Use tool call policies to separate safe internal read paths from tools that could exfiltrate data or cause side effects.

For example, a send_email tool may only be acceptable for internal recipients:

{
  "to": ["alice@mycompany.com", "bob@mycompany.com"],
  "subject": "Deployment update",
  "body": "Build is complete."
}

You can define one or more tool call policies that inspect the arguments before the tool runs:

  • If every to[*] value ends with @mycompany.com, use Allow always
  • If any to[*] value points outside your domain, use Require approval or Block always

This makes the policy decision depend on the actual attempted action, not just on the name of the tool.

Context-Aware Enforcement

Archestra evaluates tool calls against the current context, not just against a static allowlist:

  • If the context is safe, more tools can run.
  • If the context contains sensitive or untrusted data, only tools explicitly allowed in that state can run.
  • If a tool result policy marks returned data as untrusted, later tool call policy evaluation becomes stricter.

This lets the same agent behave normally in safe contexts and become more restricted only after the conversation or tool output crosses a trust boundary.

Policies can also be scoped to specific agents. For example, you might allow an internal support agent to use send_email for @mycompany.com recipients while keeping the same tool blocked for a broader research agent.

Subagent "delegation" does not reset that trust state. If a parent agent delegates to a subagent after the conversation has already become sensitive, the subagent inherits that unsafe context and the same tool call restrictions continue to apply.
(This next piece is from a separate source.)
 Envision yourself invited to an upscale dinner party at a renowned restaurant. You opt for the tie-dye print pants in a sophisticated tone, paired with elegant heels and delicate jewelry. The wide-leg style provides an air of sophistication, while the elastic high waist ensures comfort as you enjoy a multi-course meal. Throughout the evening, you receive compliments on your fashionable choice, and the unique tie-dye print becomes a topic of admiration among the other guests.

Policy Configuration Agent

Archestra includes a built-in Tool Policy Configuration Agent that analyzes tool metadata and proposes default tool call policies and tool result policies automatically.
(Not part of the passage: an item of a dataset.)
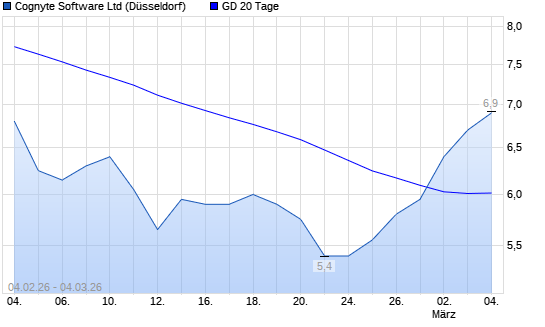 Mit dem Anstieg auf 6,50 EUR hat die Cognyte Software-Aktie am 03.03.2026 die 20-Tage-Linie nach oben gekreuzt.

Use it when you want a fast starting point for new tools instead of configuring every default policy by hand.

Deterministic Guardrails vs LLM Guardrails

Many platforms use probabilistic LLM guardrails that ask a model to decide whether content or actions are allowed. Those can be useful for moderation and soft classification, but they are not ideal as the final control plane for tool execution.

Archestra's AI tool guardrails are different:

  • Deterministic: the final allow/block decision comes from stored policies, not a fresh model judgment at execution time.
  • Context-aware: the same tool can be allowed or blocked depending on whether the conversation has become sensitive.
  • Auditable: you can inspect the exact tool call policies and tool result policies applied to each tool and the exact tool call that was blocked.
  • Composable: tool result policies, tool call policies, and Dual LLM can be combined into a single security workflow.

Use probabilistic LLM guardrails when you want fuzzy classification or moderation. Use deterministic AI tool guardrails when you need predictable enforcement against data exfiltration and unsafe tool chaining.